Он провел меня мимо двух больших каменных сараев, где ничего не было, только опилки на полу да пустые стойла с металлическими воротцами. Следующая постройка смахивала на ангар из рифленого листового железа, внутри техника: ржавые металлические валы, винтовые ножи, колесные прицепы, борона с кривыми зубьями. Мы прошли дальше, через островок поникшей травы, вверх по склону холма, к длинной каменной стене, вдоль которой росли цветы с розовыми венчиками. Земля под ногами была сухая, твердая, но грязь почему-то липла к носкам ботинок.
– Шустрей, – подгонял отец, – дальше той стены не пойдем.
Когда мы дошли, у меня ныли икры. Стена была почти вровень с моими глазами. Отец усадил меня у подножия, а сам плюхнулся рядом, положив на траву ружье.

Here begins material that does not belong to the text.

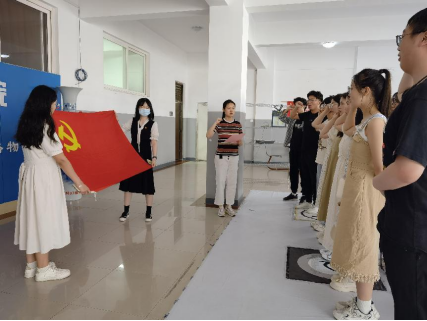 时时重温初心、感悟初心才能更好地践行初心。在鲜红的党旗面前,全体党员高举右拳,庄严宣誓,重温铿锵有力的入党誓言,展现新时代青年朝气蓬勃的精神面貌和立志报国的拳拳之心。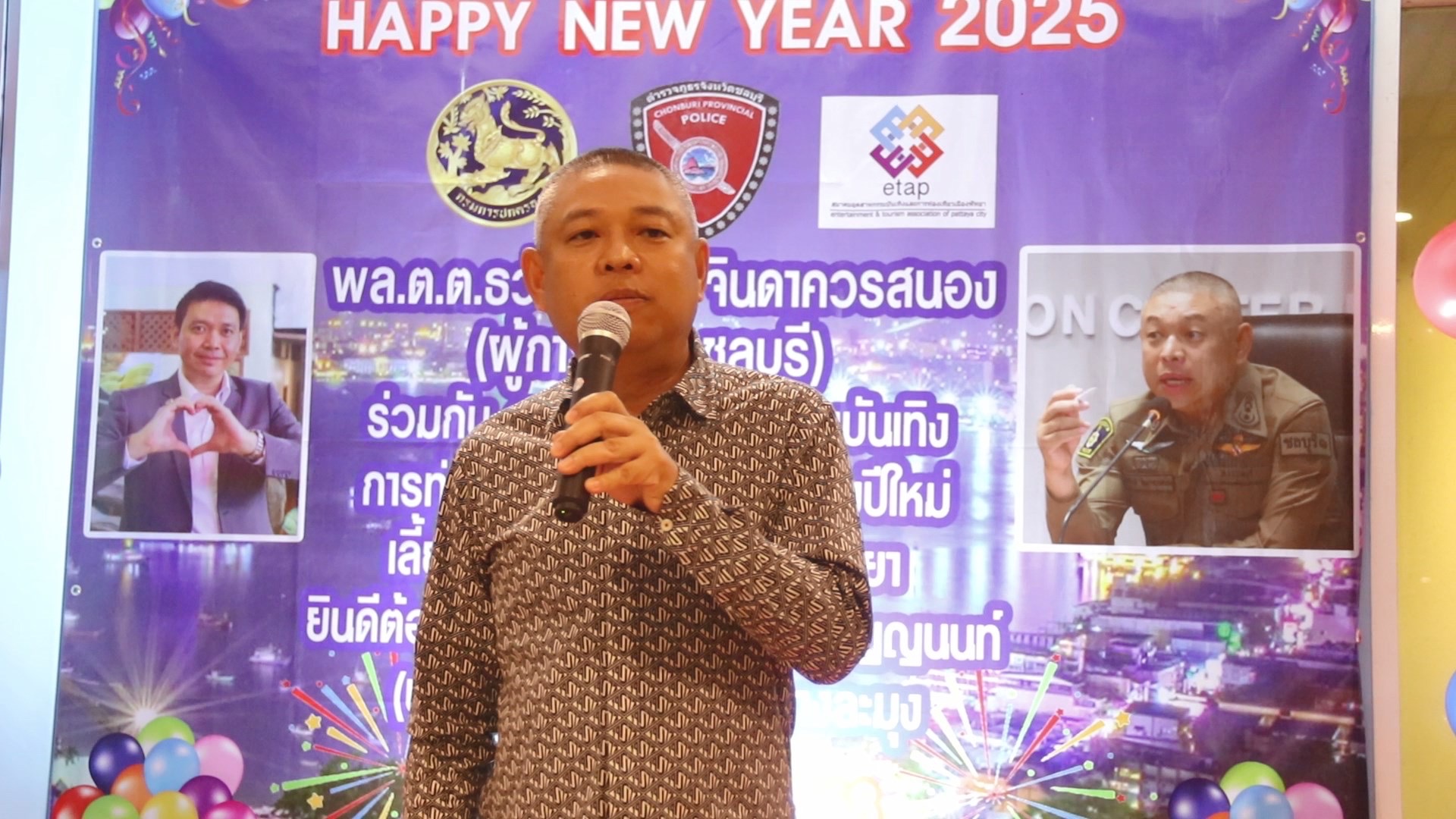 พล.ต.ต.ธวัชเกียรติ จินดาควรสนอง ผบก.ภ.จว.ชลบุรี ได้กล่าวเปิดงานพร้อมขอบคุณสื่อมวลชนที่ร่วมนำเสนอข่าวของเจ้าหน้าที่ตำรวจตลอดปีที่ผ่านมาและจะร่วมกันทำงานกับสื่อ เพื่อประชาชนและนักท่องเที่ยว ได้รับความปลอดภัยและเชื่อมั่นด้านการท่องเที่ยวในชลบุรีและเมืองพัทยา พร้อมทั้งนี้ ตำรวจภูธรชลบุรี ได้ขับเคลื่อน นโยบายรัฐบาล นโยบายตำรวจแห่งชาติและนโยบาย ตำรวจภูธร ภาค 2 ในเรื่องการแก้ไขปัญหายาเสพติด ปัญหาอาชญากรรมข้ามชาติ และปัญหาต่างด้าวผิดกฎหมาย ที่เข้ามาสร้างผลกระทบสร้างความเชื่อมั่นในการท่องเที่ยว ในพื้นที่เมืองพัทยา

– Хочу тебе кое-что показать перед отъездом, – объяснил он.
– Отвезешь меня домой? – встрепенулся я.
Он промолчал, будто не заметив моего нетерпения.
– Взгляни сперва на это.
Он дотронулся до замшелого камня в стене, поскреб большим пальцем. Под слоем грязи проступил мазок красной краски, давно поблекшей. На соседних камнях тоже виднелись метки.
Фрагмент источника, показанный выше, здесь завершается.